On Jones, TnT is stored at /usr/local/bin (with the rest of the local programs). The models and manual are at /usr/local/share/tnt.
tnt-para training.tt
This is training. It produces two files: training.lex and training.123.
tnt training test.t >test-results
This tags all the items in test.t in test-results.
- tnt-diff ? ? (I haven't tried this yet)
You may need to set the environment variable TNT_MODELS. Do this by adding the line to your .profile in your home directory:
export TNT_MODELS=/usr/local/share/tnt/models
(this is bash syntax). Then type source .profile to reload your .profile.

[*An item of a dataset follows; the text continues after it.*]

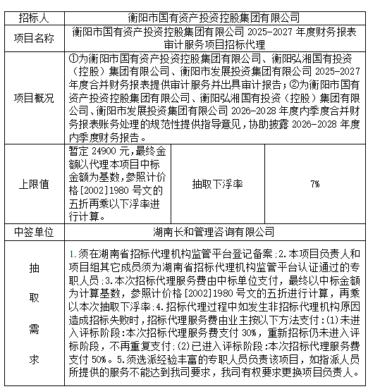衡陽(yáng)市國(guó)有資產(chǎn)投資控股集團(tuán)有限公司2025-2027年度財(cái)務(wù)報(bào)表審計(jì)服務(wù)項(xiàng)目招標(biāo)代理抽取結(jié)果公示

The standard extensions are .tt for training data and .t for test data.
A Worked Example
- cp ~ncsander/Documents/ci_data/basephone.tt and ~ncsander/Documents/ci_data/sgb20phone.t to a directory you own.
- tnt-para basephone.tt # used for training
- This produces basephone.lex and basephone.123
tnt-para basephone sgb20phone.t >sgb20out.txt
- This produces sgb20out.txt, which contains the test data with associated phonemes underneath.
The results aren't very good because the test data contains lots of items that aren't present in the training data. TODO: Probably the reverse is more interesting and more in keeping with what an you'd expect TnT to do: emit phones as tags for phonemes.
See also: ACOPOST for a tagger with a less restrictive licence.